## TASK TO CARRY OUT
The lines to reproduce run from the first one below to the line containing "Sudo RM, Πασχαλινή", both included. Reproduce them exactly and nothing else.
*** DATA EXTRACTS ***
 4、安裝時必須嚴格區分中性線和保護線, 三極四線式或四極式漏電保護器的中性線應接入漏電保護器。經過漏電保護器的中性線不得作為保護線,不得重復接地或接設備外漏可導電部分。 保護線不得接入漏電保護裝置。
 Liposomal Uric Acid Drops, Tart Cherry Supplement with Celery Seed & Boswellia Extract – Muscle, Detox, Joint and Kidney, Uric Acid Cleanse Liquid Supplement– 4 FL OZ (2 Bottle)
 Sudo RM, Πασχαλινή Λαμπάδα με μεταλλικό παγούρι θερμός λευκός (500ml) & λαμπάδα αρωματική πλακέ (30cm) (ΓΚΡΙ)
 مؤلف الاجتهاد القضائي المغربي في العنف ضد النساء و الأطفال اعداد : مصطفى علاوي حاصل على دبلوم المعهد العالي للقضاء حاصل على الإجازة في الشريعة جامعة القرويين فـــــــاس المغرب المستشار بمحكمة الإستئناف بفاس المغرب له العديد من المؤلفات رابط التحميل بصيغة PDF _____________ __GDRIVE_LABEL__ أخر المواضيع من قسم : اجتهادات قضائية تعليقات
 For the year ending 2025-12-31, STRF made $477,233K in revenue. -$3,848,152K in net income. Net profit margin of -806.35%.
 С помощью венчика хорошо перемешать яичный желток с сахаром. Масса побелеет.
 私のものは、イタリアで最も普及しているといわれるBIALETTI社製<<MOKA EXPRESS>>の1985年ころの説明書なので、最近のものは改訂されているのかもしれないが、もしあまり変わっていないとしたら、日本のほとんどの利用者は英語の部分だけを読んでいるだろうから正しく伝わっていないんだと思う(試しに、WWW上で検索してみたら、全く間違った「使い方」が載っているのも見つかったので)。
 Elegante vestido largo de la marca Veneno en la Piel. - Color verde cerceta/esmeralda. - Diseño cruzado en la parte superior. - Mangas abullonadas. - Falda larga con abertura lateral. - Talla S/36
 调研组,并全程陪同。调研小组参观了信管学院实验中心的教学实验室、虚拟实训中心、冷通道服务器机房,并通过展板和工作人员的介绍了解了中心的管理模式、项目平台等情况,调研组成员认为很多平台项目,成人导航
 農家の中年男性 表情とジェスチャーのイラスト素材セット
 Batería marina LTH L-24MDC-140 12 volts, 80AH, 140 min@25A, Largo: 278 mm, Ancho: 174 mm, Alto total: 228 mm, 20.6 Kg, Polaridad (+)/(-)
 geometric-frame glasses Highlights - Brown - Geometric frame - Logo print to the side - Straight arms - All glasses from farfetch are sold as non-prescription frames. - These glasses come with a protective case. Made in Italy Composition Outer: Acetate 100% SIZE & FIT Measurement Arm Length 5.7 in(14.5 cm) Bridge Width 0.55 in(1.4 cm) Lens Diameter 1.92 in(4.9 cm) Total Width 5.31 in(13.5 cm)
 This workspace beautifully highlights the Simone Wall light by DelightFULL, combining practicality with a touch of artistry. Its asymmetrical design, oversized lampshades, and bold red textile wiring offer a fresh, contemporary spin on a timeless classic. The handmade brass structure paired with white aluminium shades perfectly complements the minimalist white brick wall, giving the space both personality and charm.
***
## TASK SOLUTION
 4、安裝時必須嚴格區分中性線和保護線, 三極四線式或四極式漏電保護器的中性線應接入漏電保護器。經過漏電保護器的中性線不得作為保護線,不得重復接地或接設備外漏可導電部分。 保護線不得接入漏電保護裝置。
 Liposomal Uric Acid Drops, Tart Cherry Supplement with Celery Seed & Boswellia Extract – Muscle, Detox, Joint and Kidney, Uric Acid Cleanse Liquid Supplement– 4 FL OZ (2 Bottle)
 Sudo RM, Πασχαλινή Λαμπάδα με μεταλλικό παγούρι θερμός λευκός (500ml) & λαμπάδα αρωματική πλακέ (30cm) (ΓΚΡΙ)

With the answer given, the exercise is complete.